* WORK TO BE COMPLETED *
Down to the last line, write out the entries below exactly and omit all pictures.

-- PROVIDED DATA follows --

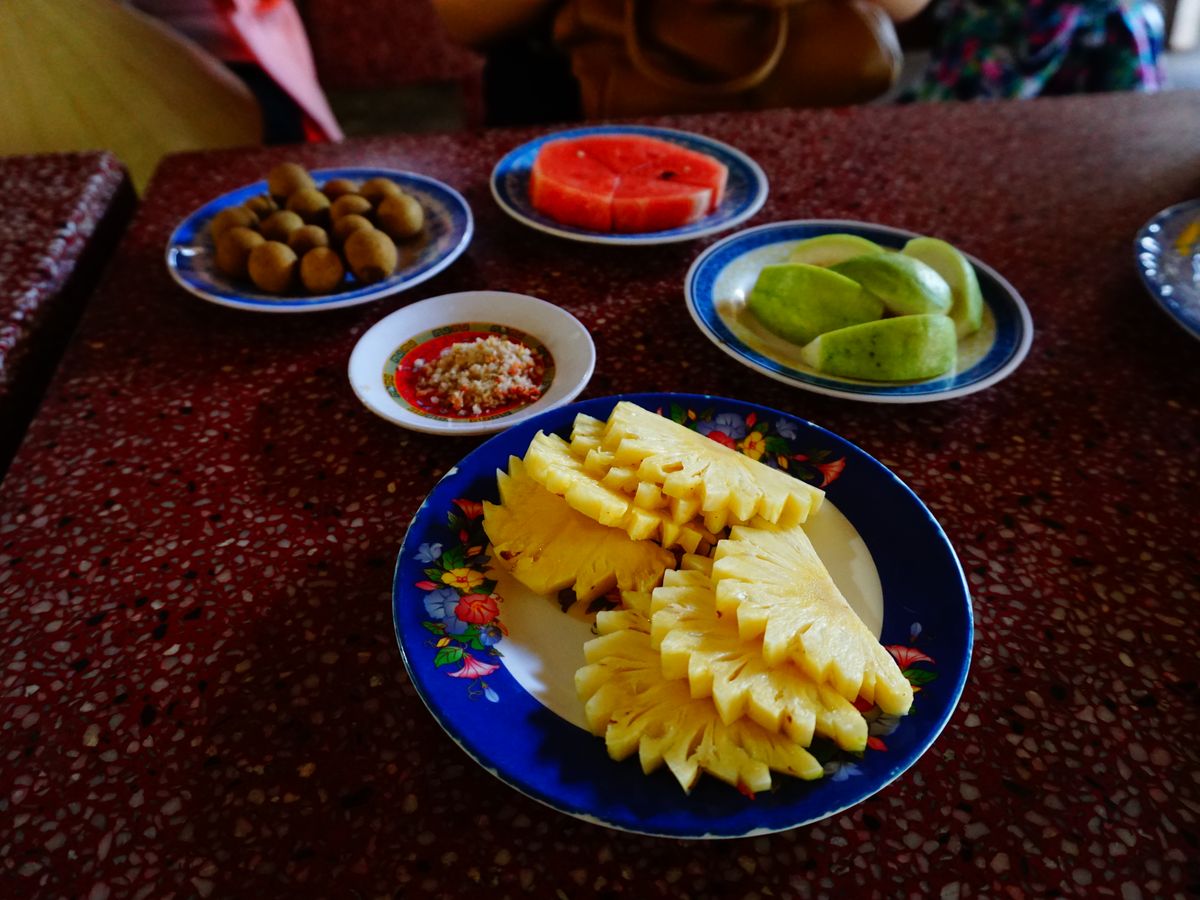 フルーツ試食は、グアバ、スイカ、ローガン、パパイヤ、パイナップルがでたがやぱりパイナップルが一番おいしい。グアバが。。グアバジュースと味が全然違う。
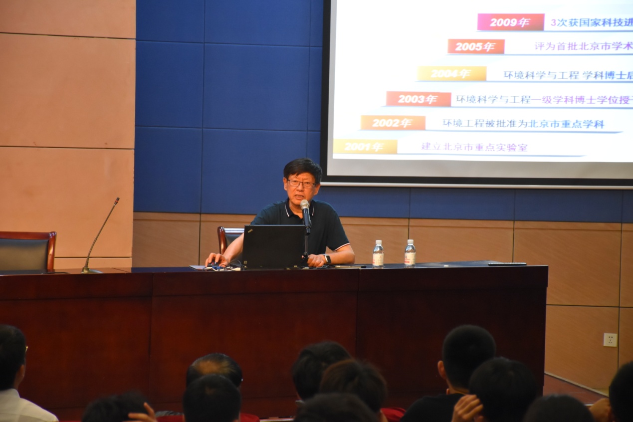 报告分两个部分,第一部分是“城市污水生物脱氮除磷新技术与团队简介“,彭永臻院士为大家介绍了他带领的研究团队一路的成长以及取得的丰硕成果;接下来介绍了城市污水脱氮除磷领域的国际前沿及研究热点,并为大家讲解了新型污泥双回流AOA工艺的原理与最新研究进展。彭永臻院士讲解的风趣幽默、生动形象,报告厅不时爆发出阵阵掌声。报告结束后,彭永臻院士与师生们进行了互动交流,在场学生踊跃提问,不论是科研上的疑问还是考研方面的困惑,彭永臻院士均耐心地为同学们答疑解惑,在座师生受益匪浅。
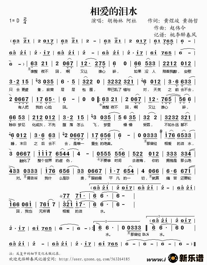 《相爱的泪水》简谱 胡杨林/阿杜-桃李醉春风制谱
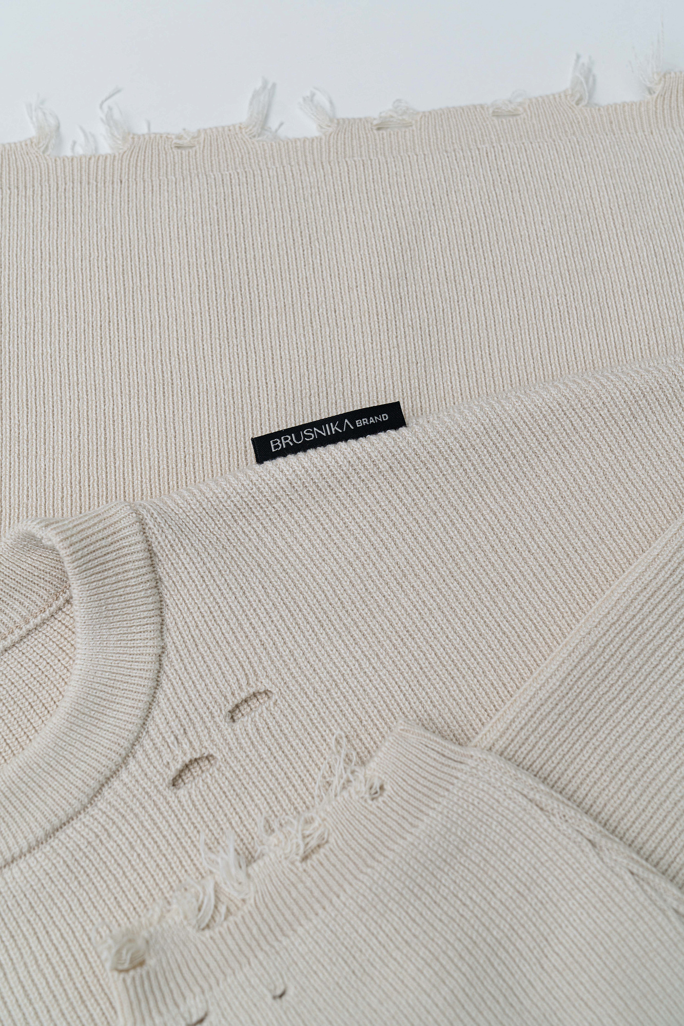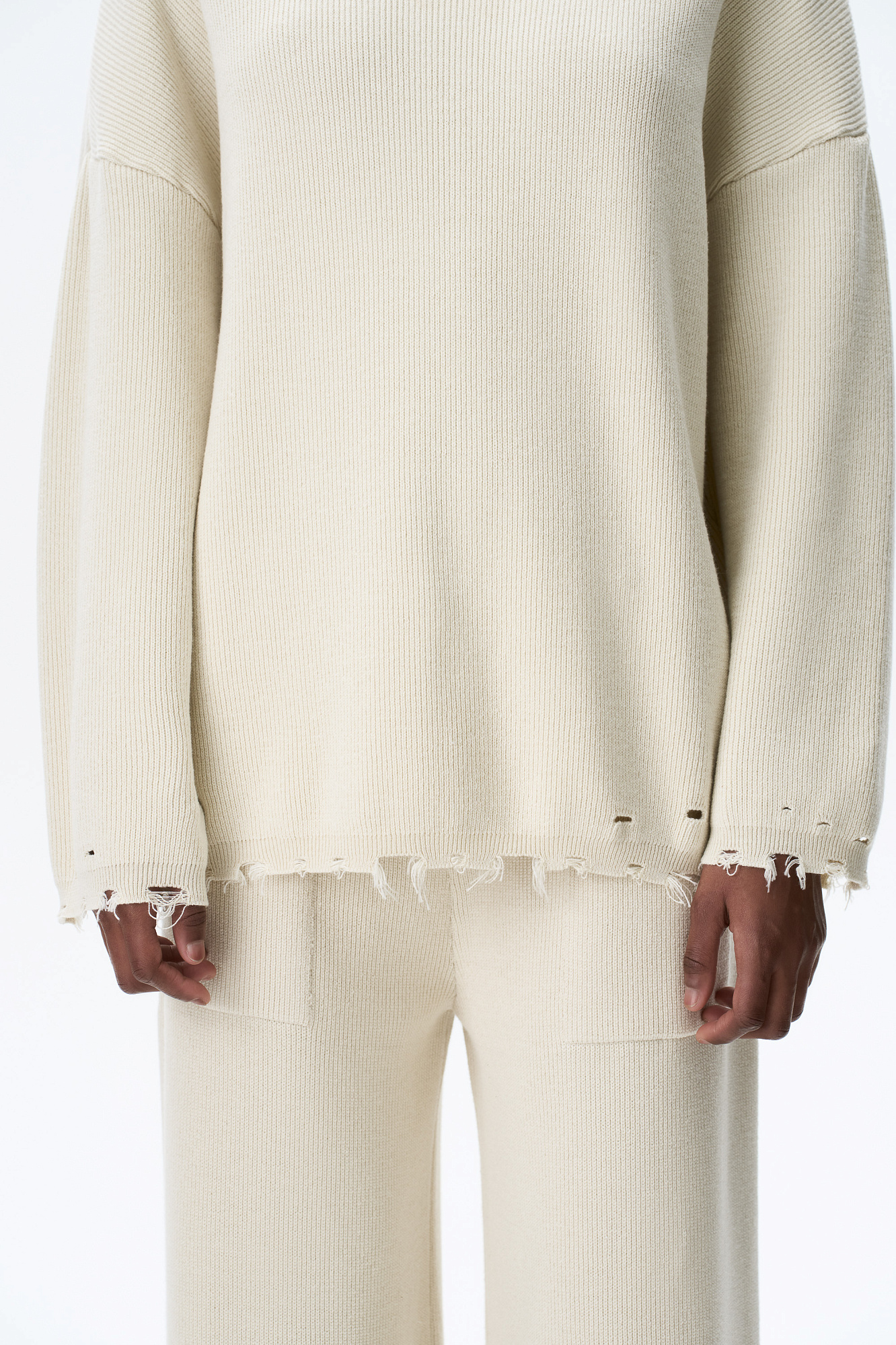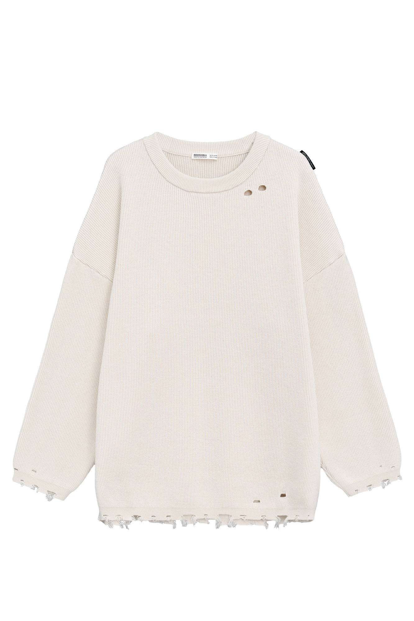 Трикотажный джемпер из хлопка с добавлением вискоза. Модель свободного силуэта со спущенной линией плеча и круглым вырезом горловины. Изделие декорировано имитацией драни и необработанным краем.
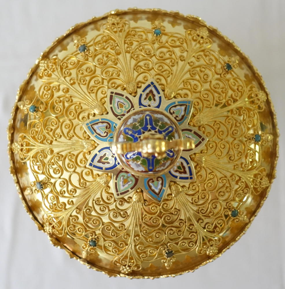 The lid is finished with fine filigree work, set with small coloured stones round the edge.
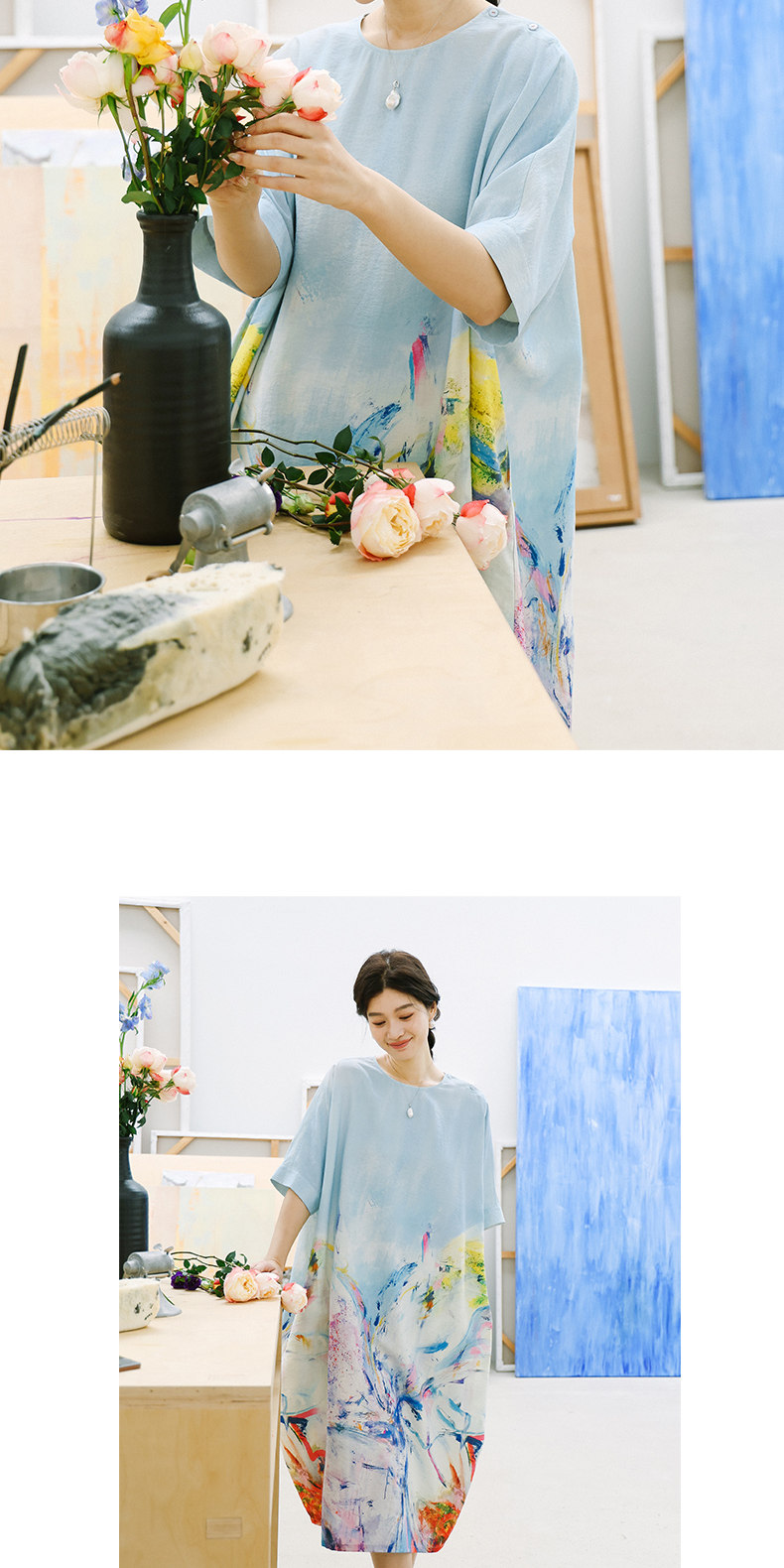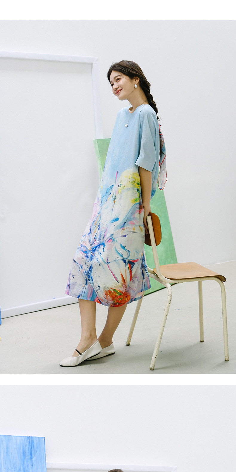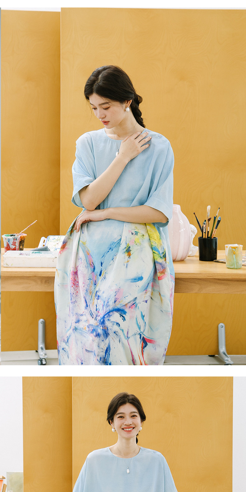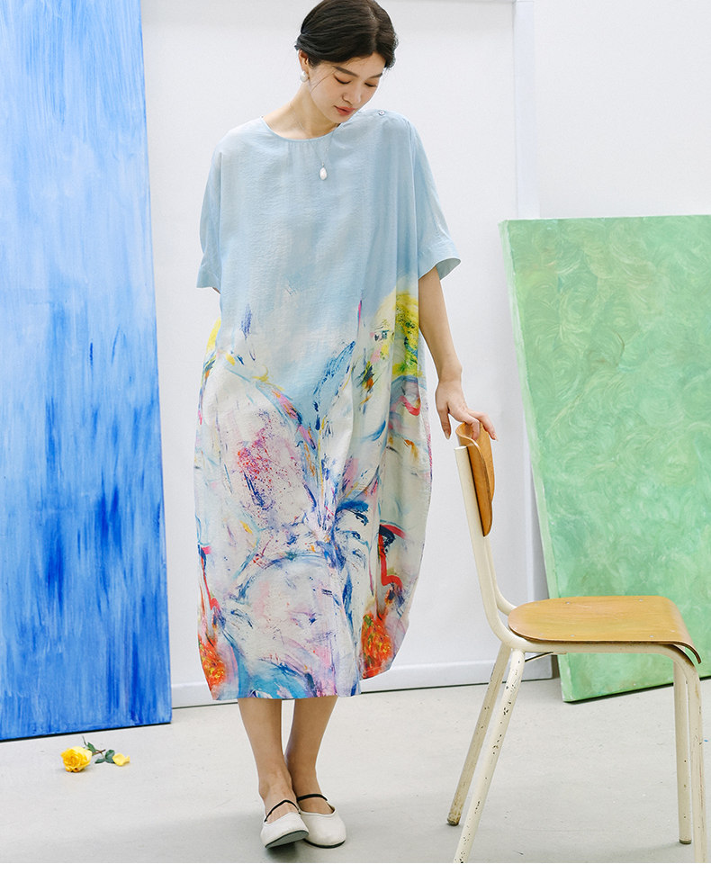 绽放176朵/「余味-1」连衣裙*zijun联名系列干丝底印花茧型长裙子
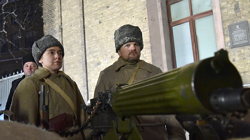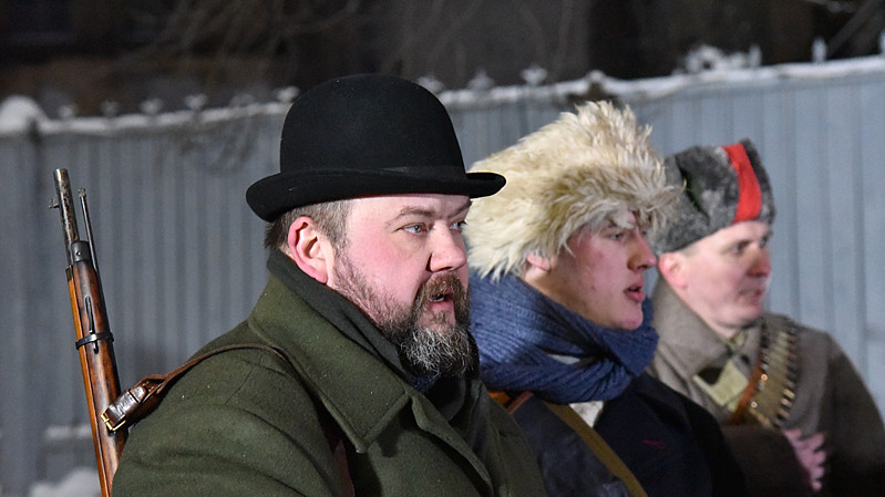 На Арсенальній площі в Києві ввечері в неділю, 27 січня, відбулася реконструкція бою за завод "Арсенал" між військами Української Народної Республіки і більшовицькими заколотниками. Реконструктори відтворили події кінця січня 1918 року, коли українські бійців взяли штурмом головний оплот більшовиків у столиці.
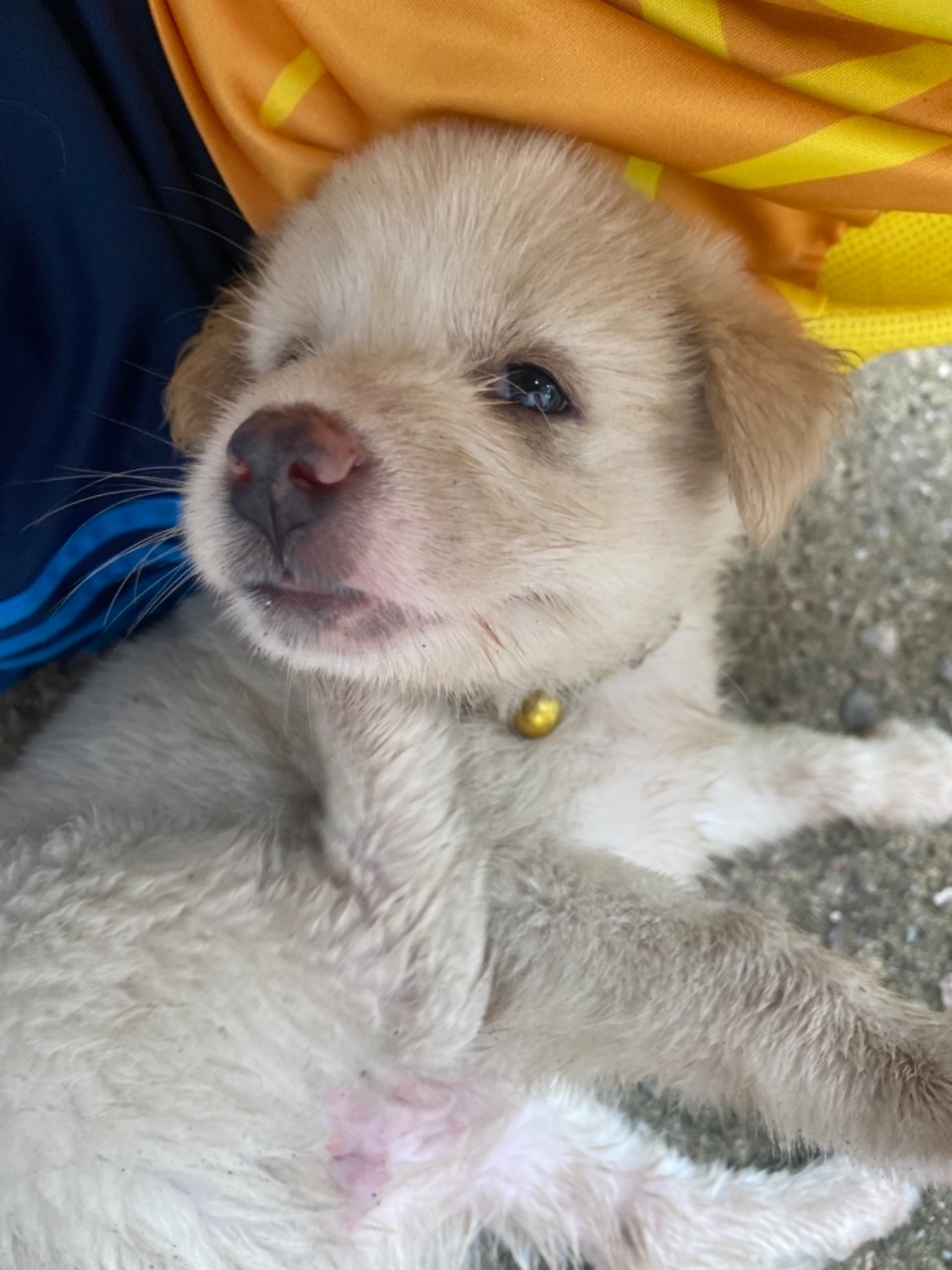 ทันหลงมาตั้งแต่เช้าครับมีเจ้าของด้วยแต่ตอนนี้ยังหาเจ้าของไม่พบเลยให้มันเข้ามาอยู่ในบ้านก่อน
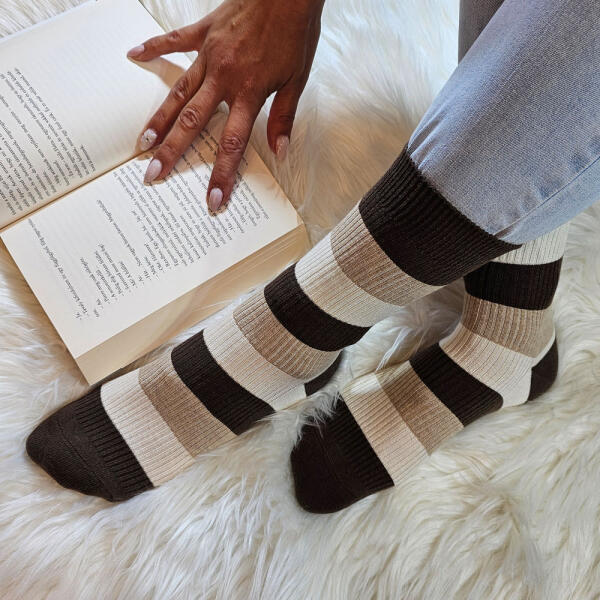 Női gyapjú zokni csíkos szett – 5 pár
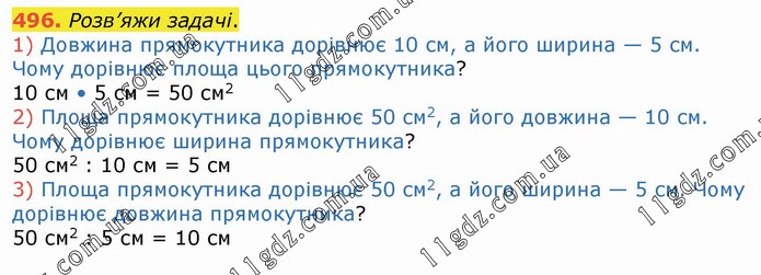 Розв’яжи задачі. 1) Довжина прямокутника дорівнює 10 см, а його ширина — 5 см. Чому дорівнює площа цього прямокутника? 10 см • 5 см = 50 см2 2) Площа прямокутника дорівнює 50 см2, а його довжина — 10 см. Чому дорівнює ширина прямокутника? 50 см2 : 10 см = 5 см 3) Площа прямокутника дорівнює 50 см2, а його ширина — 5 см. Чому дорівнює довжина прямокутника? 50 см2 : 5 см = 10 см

-- PROVIDED DATA concluded --

* ANSWER BOX *
 フルーツ試食は、グアバ、スイカ、ローガン、パパイヤ、パイナップルがでたがやぱりパイナップルが一番おいしい。グアバが。。グアバジュースと味が全然違う。
 报告分两个部分,第一部分是“城市污水生物脱氮除磷新技术与团队简介“,彭永臻院士为大家介绍了他带领的研究团队一路的成长以及取得的丰硕成果;接下来介绍了城市污水脱氮除磷领域的国际前沿及研究热点,并为大家讲解了新型污泥双回流AOA工艺的原理与最新研究进展。彭永臻院士讲解的风趣幽默、生动形象,报告厅不时爆发出阵阵掌声。报告结束后,彭永臻院士与师生们进行了互动交流,在场学生踊跃提问,不论是科研上的疑问还是考研方面的困惑,彭永臻院士均耐心地为同学们答疑解惑,在座师生受益匪浅。
 《相爱的泪水》简谱 胡杨林/阿杜-桃李醉春风制谱
 Трикотажный джемпер из хлопка с добавлением вискоза. Модель свободного силуэта со спущенной линией плеча и круглым вырезом горловины. Изделие декорировано имитацией драни и необработанным краем.
 The lid is finished with fine filigree work, set with small coloured stones round the edge.
 绽放176朵/「余味-1」连衣裙*zijun联名系列干丝底印花茧型长裙子
 На Арсенальній площі в Києві ввечері в неділю, 27 січня, відбулася реконструкція бою за завод "Арсенал" між військами Української Народної Республіки і більшовицькими заколотниками. Реконструктори відтворили події кінця січня 1918 року, коли українські бійців взяли штурмом головний оплот більшовиків у столиці.
 ทันหลงมาตั้งแต่เช้าครับมีเจ้าของด้วยแต่ตอนนี้ยังหาเจ้าของไม่พบเลยให้มันเข้ามาอยู่ในบ้านก่อน
 Női gyapjú zokni csíkos szett – 5 pár
 Розв’яжи задачі. 1) Довжина прямокутника дорівнює 10 см, а його ширина — 5 см. Чому дорівнює площа цього прямокутника? 10 см • 5 см = 50 см2 2) Площа прямокутника дорівнює 50 см2, а його довжина — 10 см. Чому дорівнює ширина прямокутника? 50 см2 : 10 см = 5 см 3) Площа прямокутника дорівнює 50 см2, а його ширина — 5 см. Чому дорівнює довжина прямокутника? 50 см2 : 5 см = 10 см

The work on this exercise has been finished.